Revision as of 08:55, 28 September 2022

Selection bias in clinical sciences is a draft programming task. It is not yet considered ready to be promoted as a complete task, for reasons that should be found in its talk page.

In epidemiology, retrospective analyses have well-known limitations compared to prospective studies.

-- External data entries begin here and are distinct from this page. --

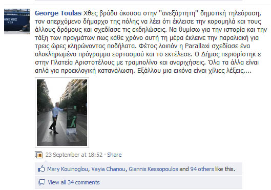 Στο θέμα μας όμως. Η Παράλλαξη αποφάσισε να συνεχίσει την λογική του Θεσσαλονίκη αλλιώς για ένα απόγευμα σε συνεργασία με τον Δήμο θεσσαλονίκης και τον εμπορικό σύλλογο, την μέρα χωρίς αυτοκίνητο στις 22 Σεπτεμβρίου. Μια μέρα πριν ο Μιχάλης Γουδής παρουσίασε, για λογαριασμό της παράλλαξης, την ιδέα του Θεσσαλονίκη αλλιώς, στην κατάμεστη αίθουσα του Δάϊος, στο πλαίσιο του Opeencoffee. Αυτό που συγκράτησα, σαν είδηση, είναι οι σκέψεις που είχε η ομάδα της παράλλαξης στο να δώσει μια νομική υπόσταση στην ιδέα του αλλιώς, αλλά όχι αυτή της ΜΚΟ.
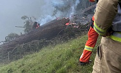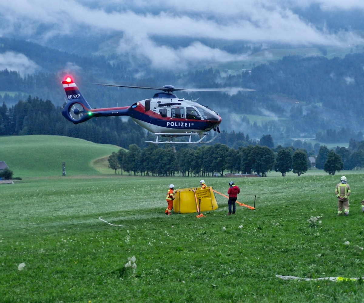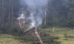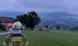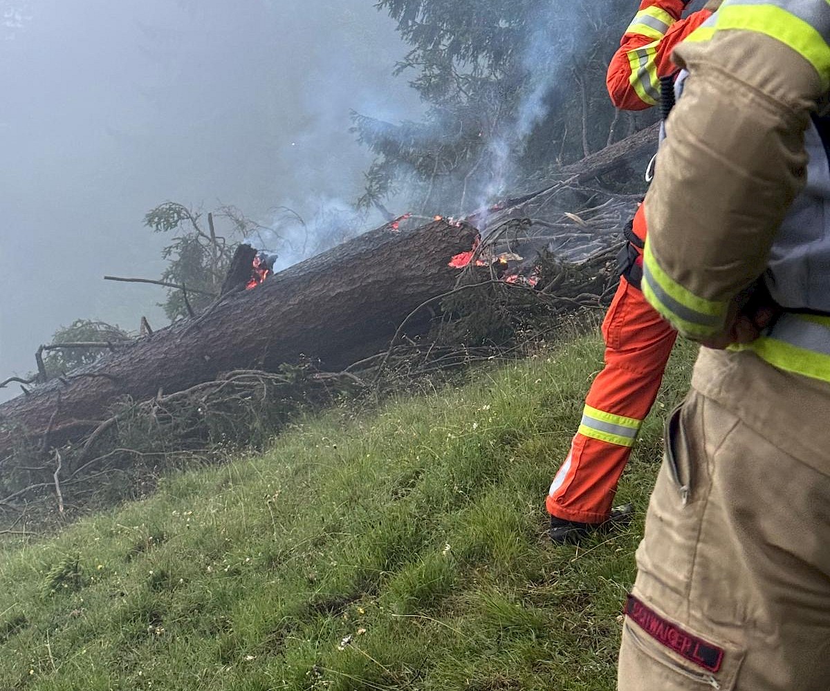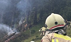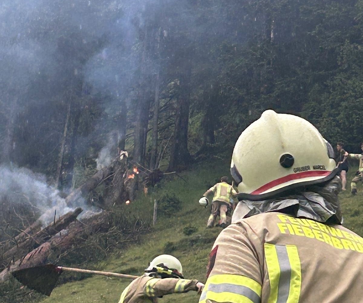 Parallel dazu wurden die Libelle Tirol sowie die Flughelfer des Bezirks Kitzbühel nachalarmiert, um die Brandbekämpfung aus der Luft zu unterstützen. Ein Erkundungsflug ergab, dass vermutlich ein Blitzschlag drei Bäume entzündet hatte.
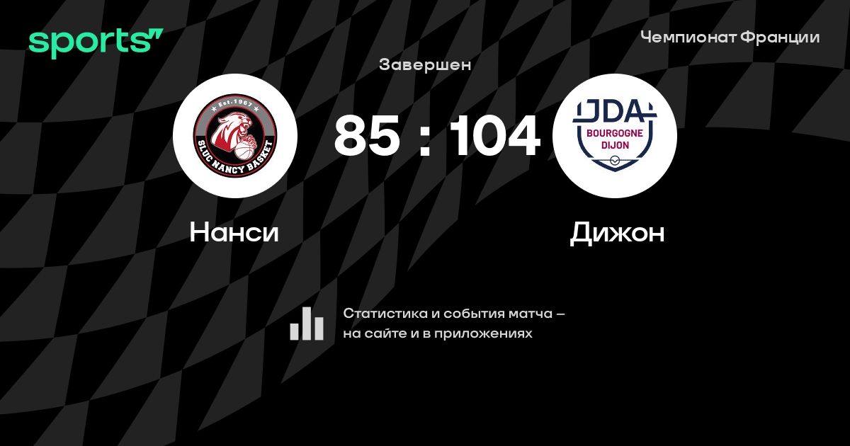 В прошедшем матче в рамках турнира Чемпионат Франции состоялась встреча команд Нанси - Дижон в городе на стадионе Palais des Sports Jean Weille со счетом 85 : 104.

One such limitation is the occurrence of selection bias in the choice of subjects between treated and untreated groups about whom the data is collected. For example, a treatment may have only been given to persons who were less severely ill, which would bias the results in favor of such subjects appearing to have done better because of the treatment when the biased group is then compared to those who who did not receive the study treatment. Or, in a retrospective study, there may a choice to place subjects in a particular study group using a method which is inadvertently biased by the outcome being measured. Creating a programming example of a simulation of such selection bias in the design of a retrospective study is the topic of this task.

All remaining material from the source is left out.